# [TASK TO CARRY OUT]
Only an exact repeat of the listing, without its images, counts as the answer.

# [RECORDED DATA]
--------------------------------
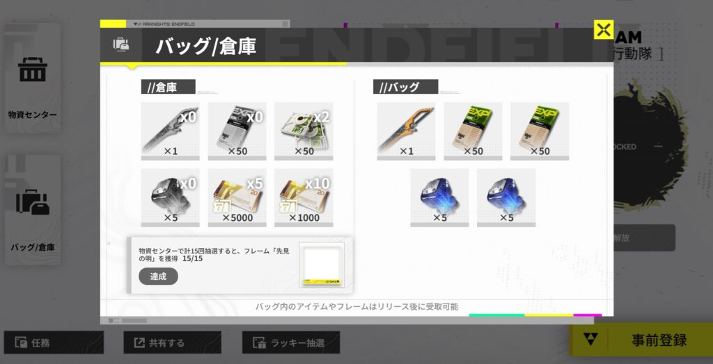 リリース前のイベントとして事前ガチャができたので参加。バッグには★5武器「鋼鉄余韻」は迷わず入れ、後は数の少ないものが比較的貴重だろうと考えて経験値とスキル強化を選択しました。
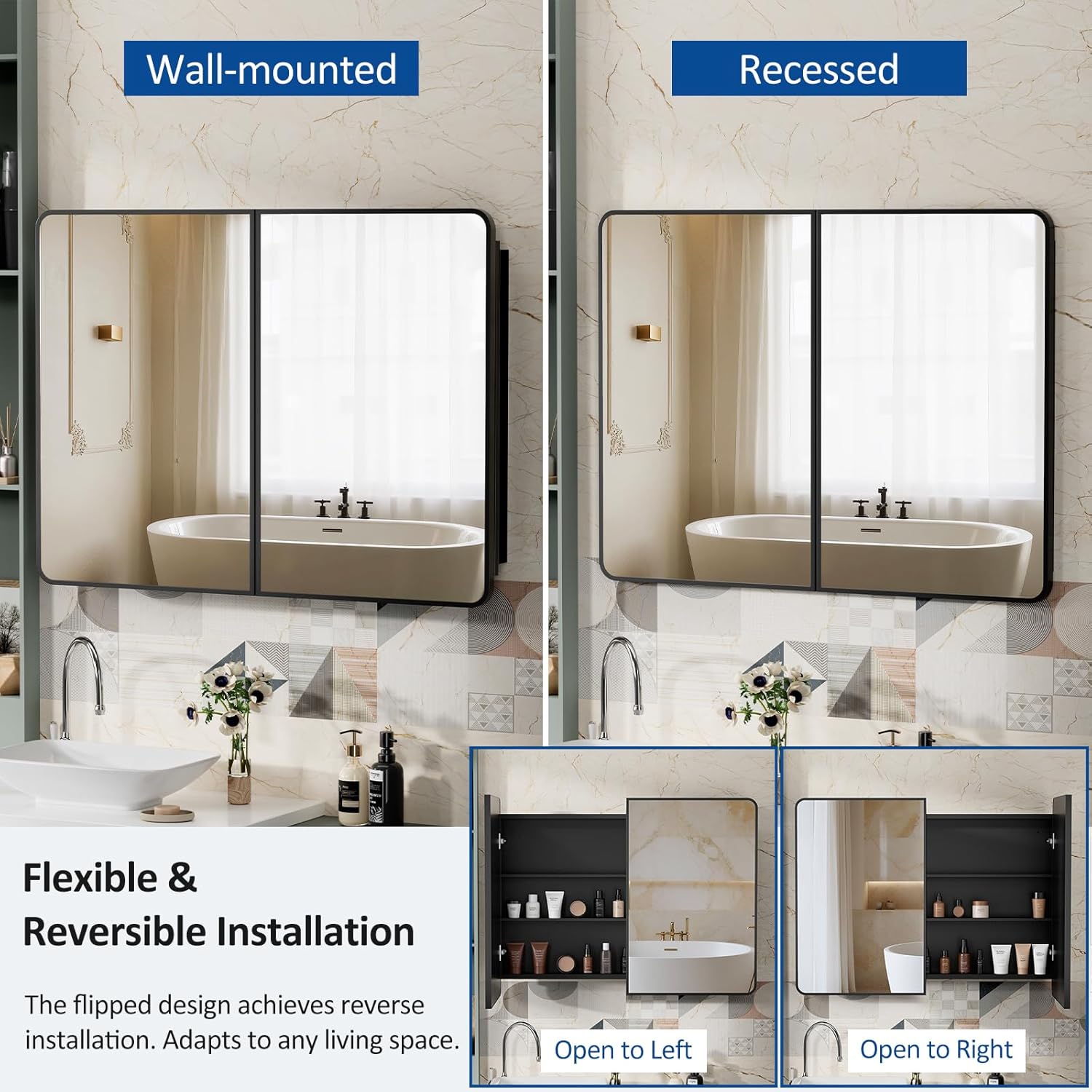 - Flexible Installation for Better Adaptability - The medicine cabinets for bathroom supports recessed and wall-mounted installation, which provides flexibility to match your bathroom layout and design. The cabinet can achieve 180° reverse installation thus adapts to any living space. (*the specific cutout size is not equal to the mirror size, please measure the cabinet size before selecting a recessed installation).
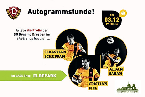 Am Mittwoch, dem 12.12.2012, könnt ihr die Dynamo-Profis Robert Koch und Mickael Poté hautnah erleben. Unser Mannschaftskapitän und unser etatmäßiger Stürmer kommen in der Woche zwischen den beiden letzten Spielen im Kalenderjahr 2012 zu einer Autogrammstunde in die Centrum Galerie. Zwischen 18 und 19 Uhr erfüllen beide Spieler im BASE Shop im Untergeschoss eure Autogrammwünsche.
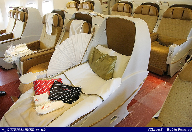 After kindly being offered a quick look round the inside of Jammu & Kashmir, the pristine Air India 777, it would have been rude to have declined and I’ve now decided first class on an Air India 777-300ER seems to be a rather fine way to travel; business class would do at a push though! It may be the fact that, taking the first flight as its date of birth, this particular jet was the ripe old age of thirteen days old but the cabin really does have to be seen to be believed. Yes, the fancy Bose noise cancelling headphones are quite common amongst a number of airlines in their first or business class cabins but you also get a set of snazzy designer pyjamas to change into if you want and as if the lay-flat seats-that-are-beds aren’t enough, the TV is a little more than interesting. We’ve probably all seen the stuffy little seat-back screens on most airlines so how would a 22” widescreen HD TV with an audio-video on demand system take your fancy? I kid not, each ‘seat’ is set in what can only be described as a cocoon and has its own HD TV that is not all that far short of two foot!! The business class cabin is almost as good but doesn’t have quite the same luxury add-ons although a neat feature, as simple as it may sound, is that each seat has two bottles of water in the back of the seat in front – to stave off dehydration, you have to drink and this way you don’t have to keep summoning over a flight attendant. |
--------------------------------
# [THE ANSWER]
 リリース前のイベントとして事前ガチャができたので参加。バッグには★5武器「鋼鉄余韻」は迷わず入れ、後は数の少ないものが比較的貴重だろうと考えて経験値とスキル強化を選択しました。
 - Flexible Installation for Better Adaptability - The medicine cabinets for bathroom supports recessed and wall-mounted installation, which provides flexibility to match your bathroom layout and design. The cabinet can achieve 180° reverse installation thus adapts to any living space. (*the specific cutout size is not equal to the mirror size, please measure the cabinet size before selecting a recessed installation).
 Am Mittwoch, dem 12.12.2012, könnt ihr die Dynamo-Profis Robert Koch und Mickael Poté hautnah erleben. Unser Mannschaftskapitän und unser etatmäßiger Stürmer kommen in der Woche zwischen den beiden letzten Spielen im Kalenderjahr 2012 zu einer Autogrammstunde in die Centrum Galerie. Zwischen 18 und 19 Uhr erfüllen beide Spieler im BASE Shop im Untergeschoss eure Autogrammwünsche.
 After kindly being offered a quick look round the inside of Jammu & Kashmir, the pristine Air India 777, it would have been rude to have declined and I’ve now decided first class on an Air India 777-300ER seems to be a rather fine way to travel; business class would do at a push though! It may be the fact that, taking the first flight as its date of birth, this particular jet was the ripe old age of thirteen days old but the cabin really does have to be seen to be believed. Yes, the fancy Bose noise cancelling headphones are quite common amongst a number of airlines in their first or business class cabins but you also get a set of snazzy designer pyjamas to change into if you want and as if the lay-flat seats-that-are-beds aren’t enough, the TV is a little more than interesting. We’ve probably all seen the stuffy little seat-back screens on most airlines so how would a 22” widescreen HD TV with an audio-video on demand system take your fancy? I kid not, each ‘seat’ is set in what can only be described as a cocoon and has its own HD TV that is not all that far short of two foot!! The business class cabin is almost as good but doesn’t have quite the same luxury add-ons although a neat feature, as simple as it may sound, is that each seat has two bottles of water in the back of the seat in front – to stave off dehydration, you have to drink and this way you don’t have to keep summoning over a flight attendant. |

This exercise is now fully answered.